(DATA FOR PROCESSING):
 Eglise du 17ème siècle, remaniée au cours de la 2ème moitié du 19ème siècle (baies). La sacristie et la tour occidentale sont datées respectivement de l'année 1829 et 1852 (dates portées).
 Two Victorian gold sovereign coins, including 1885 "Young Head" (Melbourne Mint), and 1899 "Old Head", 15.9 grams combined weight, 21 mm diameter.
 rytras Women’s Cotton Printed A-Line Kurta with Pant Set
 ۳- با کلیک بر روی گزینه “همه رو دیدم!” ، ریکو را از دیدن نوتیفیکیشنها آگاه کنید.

...

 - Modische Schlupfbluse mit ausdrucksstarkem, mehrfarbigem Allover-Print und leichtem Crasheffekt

(WHAT IS BEING ASKED): Write out exactly the lines above from the line with "Eglise du 17ème" through the line with "۳- با کلیک بر", both of them included, and leave out all other lines.

(OUTPUT OF THE TASK):
 Eglise du 17ème siècle, remaniée au cours de la 2ème moitié du 19ème siècle (baies). La sacristie et la tour occidentale sont datées respectivement de l'année 1829 et 1852 (dates portées).
 Two Victorian gold sovereign coins, including 1885 "Young Head" (Melbourne Mint), and 1899 "Old Head", 15.9 grams combined weight, 21 mm diameter.
 rytras Women’s Cotton Printed A-Line Kurta with Pant Set
 ۳- با کلیک بر روی گزینه “همه رو دیدم!” ، ریکو را از دیدن نوتیفیکیشنها آگاه کنید.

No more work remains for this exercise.